Coluna da Sexta-feira

Saudosa virgindade

Celso de Almeida Jr.
As “Virgens da esquina do pecado” reuniam-se geralmente as sextas e sábados, na avenida Iperoig, em frente ao antigo escritório do Paulo Romero, cruzamento com a Dom João III.


Usávamos repique, repinique, treme-terra, chocalho, reco-reco, surdo e tamborim.

Inspirávamos na turma do Ney, Niltinho, Toninho e outras feras da batucada.


Éramos garotos.

Lembro numa noite em que um grupo de moças animadas, atraídas pela boa cadência, fez cara de decepção. Uma delas comentou que esperava encontrar batuqueiros, digamos, mais nutridos.

Virgens, é claro, éramos nós. Eu, pelo menos, era. Sinceramente, me concentrava no ritmo. Ficava até altas horas curtindo um repertório que cantávamos com alegria contagiante.

Jair Rodrigues, Martinho da Vila, Agepê, Luis Ayrão, Alcione, Beth Carvalho, Noite Ilustrada, Cartola, Paulinho da Viola, Originais do Samba, e tantos outros mereceram a nossa rouca interpretação, pouco afinada, mas vibrante.

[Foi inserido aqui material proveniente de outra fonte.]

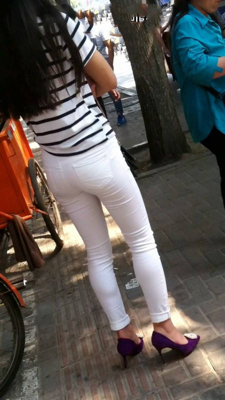 【编号1076】街拍等公交的长发白裤妹妹 |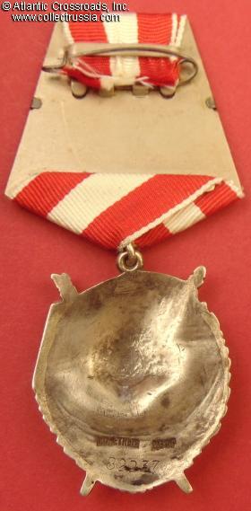 Silver gilt, enamels. Measures 45.1 mm in height (incl. the eyelet and the lower extensions of the torch and flagpole), 36.9 mm in width; weighs 20.9 g not including the suspension and connecting link. This variation is transitional between Type 2 and Type 3, and its obverse is identical to Type 2 screw backs in high serial number ranges. The variation appeared immediately after the regulation change in June 1943. At that point the yet unfinished screw backs still in the production line were converted at the mint to suspension. This was achieved by inserting a small trapezoid-shaped wedge of silver to accommodate an eyelet for suspension. The wedge itself and the variation are often referred to as "swallow tail" or "lastochkin khvost" in Russian (the technically correct term would be dovetail, a carpenter's term for the interlocking joint which connects the two pieces of metal). This particular piece belongs to the first of the two "Swallow Tail" sub-variations, featuring a slightly arched first word of the mint mark. According to the published mint records, the serial number range for both sub-variations of the "Swallow Tail" is 79826 through 84250.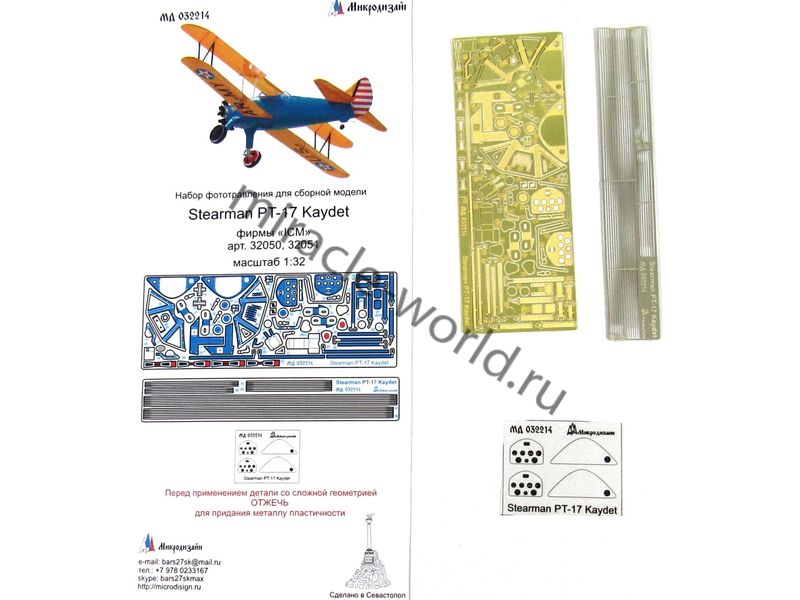 МД 032214 Набор фототравления для сборной модели Stearman PT-17 Kaydet от ICM. Масштаб 1:32. Материал: латунь 0,17 мм, мельхиор 0,12 мм. Набор комплектуется 2 пластинами фототравления и цветной инструкцией. Количество уникальных деталей 45. Уровень сложности - средний.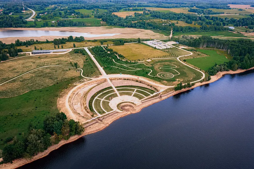 Amfiteātris ir Likteņdārza sirds, kas simboliski nodala dārza pagātnes un nākotnes daļu.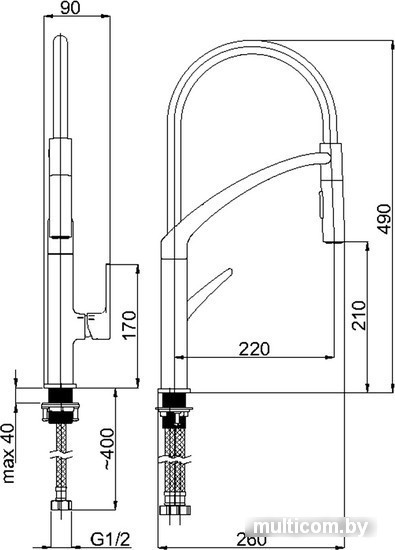 | Выдвижной излив | Да с аэратором (гибкий шланг) |

No fundo, não só o ritmo, mas as letras nos tocavam. Saboreávamos a poesia.

Quem ouvia, notava o entusiasmo. E se aproximava.

Talvez por isso, numa véspera de Carnaval, a Poty, do Vira Verão, nos contratou para animar a casa. A demissão veio ao final da primeira noite, quando ela percebeu a precariedade do nosso equipamento de som, um amplificador daqueles de vendedor de pamonha, além das constantes investidas das Virgens num isopor exposto na cozinha, lotado de cervejas geladas.

Hoje, espanto-me com a inocência daqueles tempos.

Neste início de 2009, caminhando no Perequê-Açu, flagrei um carro com o porta-malas aberto, rodeado de jovens, ouvindo uma música muito amplificada, onde a cantora, com voz de tudo, menos de virgem, conclamava para que fosse estuprada, surrada, usando um palavreado digno de zona de prostituição decadente.

Moços e moças bonitas, na praia, curtindo um repertório que, confesso, não sei que alegria pode dar.

Eu caminhava sozinho. Na mesma calçada, uma família vinha em minha direção. Foi visível o constrangimento, coroado pelo apertar do passo e um silêncio triste.
Como explicar e aceitar tamanha vulgaridade pública?


Decidi interferir. Encostei no carro, chamei aquele que parecia ser o mais velho do grupo e pedi, reservadamente, que diminuísse o som e explicasse aos amigos os meus argumentos. Ele, muito tranquilo, respondeu: “Tudo bem, tio, foi mal.” Ganhei um sobrinho e certo sossego aos meus ouvidos, pelo menos naquele instante.

Talvez o que falte a juventude de hoje é conhecer coisa melhor. Mergulhados num vazio, agarram-se ao que mais chama a atenção. Quanto mais chocante, melhor. Creio que não conseguem ter prazer com boa música, poesia, comportamentos que integrem, que aproximem, que promovam o crescimento.

Para nós, adultos, cabe a tarefa de orientá-los, ajudando-os a despertar.

Do jeito que está, não sei se nas reflexões que terão no futuro as lembranças serão amenas.

No meu caso, concluo que naquela esquina tinha de tudo. Menos pecado.